WHAT THE EXERCISE ASKS: Transcribe nothing except the lines below that run from the one with "Large backyard with" to the one with "Sáng ngày 29/4/2022, Công", ends included, and do not copy any picture.
*** Begin section ***
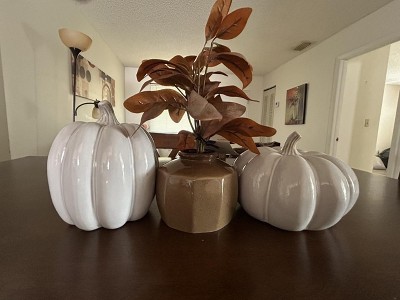 I have been shopping for white ceramic pumpkins awhile now. They are not that easy to find at an affordable price. I purchased both sizes and they fit my seasonal decor perfectly.
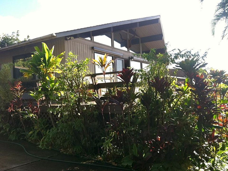 Large backyard with lanaiVaulted high-beamed ceilingsMature fruit treesRaised gardens
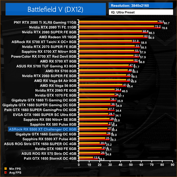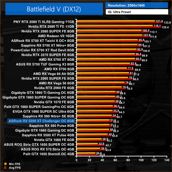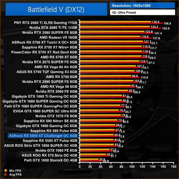 Battlefield V kicks things off, and here the 5500 XT is averaging over 70FPS at 1080p. The ASRock Challenger holds a 3% performance advantage over GTX 1650 SUPER.
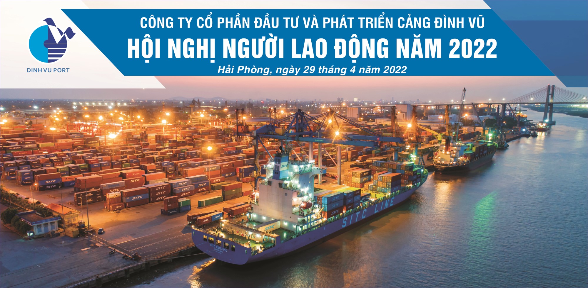 Sáng ngày 29/4/2022, Công ty Cổ phần Đầu tư và Phát triển Cảng Đình Vũ đã tổ chức Hội nghị người lao động năm 2022 tại Hội trường tầng 5 Công ty. Tham dự Hội nghị có tổng số 129 đại biểu đại diện cho tập thể lãnh đạo và CBCNV các đơn vị phòng, ban, tổ, đội trong Công ty.
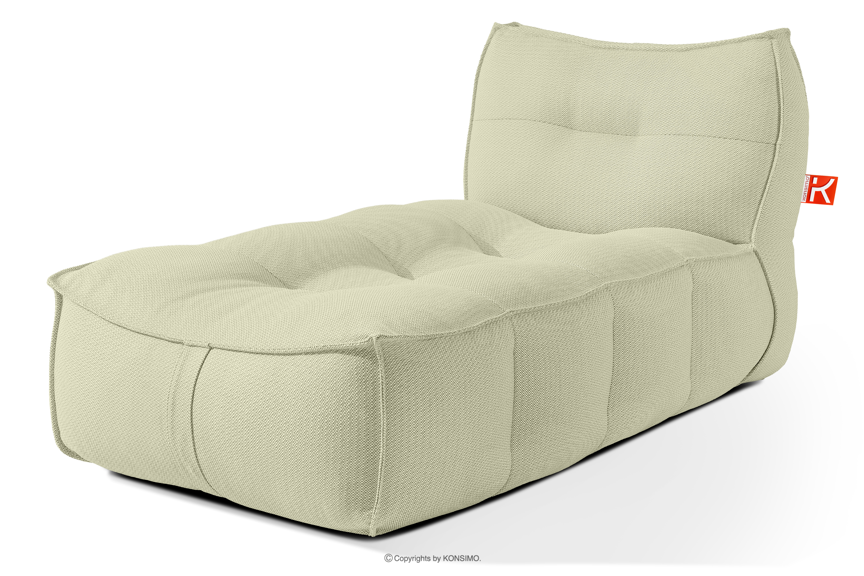 • Dodatkowe informacje: pokrowiec zewnętrzny z tkaniny wodoodpornej wszyty w stukturę mebla, chowany do środka i zamykany na zamek, spód mebla z tkaniny antypoślizgowej, uchwyt z pasa tapicerskiego ułatwiający przenoszenie, wszyta gumka w pokrowiec zapobiegająca zsuwaniu się z mebla
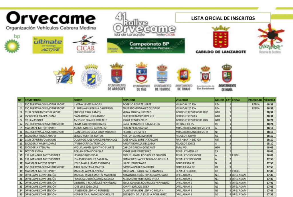 El 41 Rallye Orvecame Isla de Lanzarote es posible gracias a ORVECAME, Cicar, Cabildo de Lanzarote, los ayuntamientos de Arrecife, Tías, Teguise, Tinajo, San Bartolomé y Haría, además de BP, Fred. Olsen Express, Hamburguesería Cuca y Rotulaciones Pintadera.
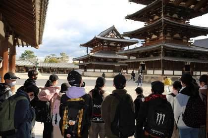 法隆寺を見学しています。
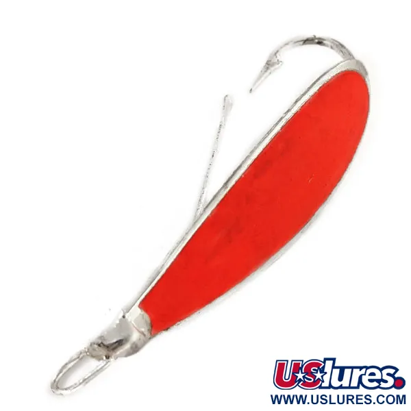 En iögonfallande neonorange finish täcker framsidan på detta 6 cm (2 1/4") skeddrag, vilket ger en högvisuell kontrast mot den försilvrad kroppen. Denna Weedless Johnson Silver Minnow UV, med produktkod 12487, väger 12 g (2/5 oz) och representerar en modern färgutveckling av Louis Johnsons originaldesign från 1920. Till skillnad från vanliga kromade ytbehandlingar använder detta exemplar äkta försilvring för att ge ett ljusare och vitare blänk. Det orangea toppskiktet är specifikt utformat för UV-reaktivitet; i svaga ljusförhållanden avger det ett djupt, lysande sken, vilket visas på bilderna tagna i mörker. Konstruktionen består av en koppar-zinklegering som är betydligt tjockare i mitten, en geometri som hjälper till att hålla enkelkroken upprätt. Denna balans, i kombination med det integrerade vasskyddet av tråd, gör det möjligt att fiska genom täta näckrosor eller bröte. Som en vintage USA-tillverkad modell speglar byggkvaliteten de ursprungliga specifikationerna innan produktionen flyttade utomlands. Försilvringen och den UV-reaktiva färgen visar mycket lite slitage, och hårdvaran är strukturellt intakt, vilket ger detta drag ett skickbetyg på 4/5.
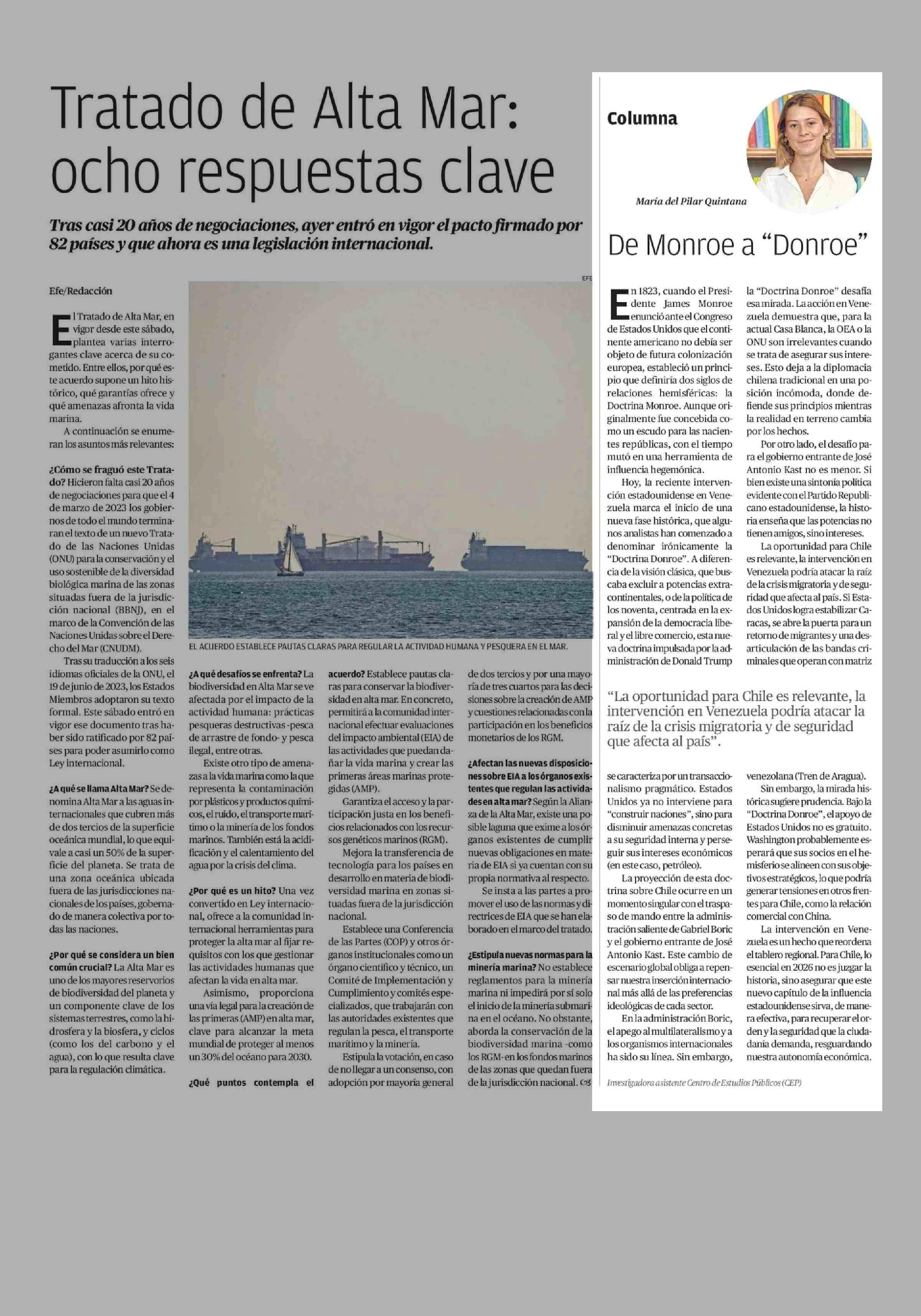 Columnas de Opinión: De Monroe a "Donroe" 18-01-2026 El Mercurio de Antofagasta |
*** End section ***
REPLY TO THE EXERCISE:
 Large backyard with lanaiVaulted high-beamed ceilingsMature fruit treesRaised gardens
 Battlefield V kicks things off, and here the 5500 XT is averaging over 70FPS at 1080p. The ASRock Challenger holds a 3% performance advantage over GTX 1650 SUPER.
 Sáng ngày 29/4/2022, Công ty Cổ phần Đầu tư và Phát triển Cảng Đình Vũ đã tổ chức Hội nghị người lao động năm 2022 tại Hội trường tầng 5 Công ty. Tham dự Hội nghị có tổng số 129 đại biểu đại diện cho tập thể lãnh đạo và CBCNV các đơn vị phòng, ban, tổ, đội trong Công ty.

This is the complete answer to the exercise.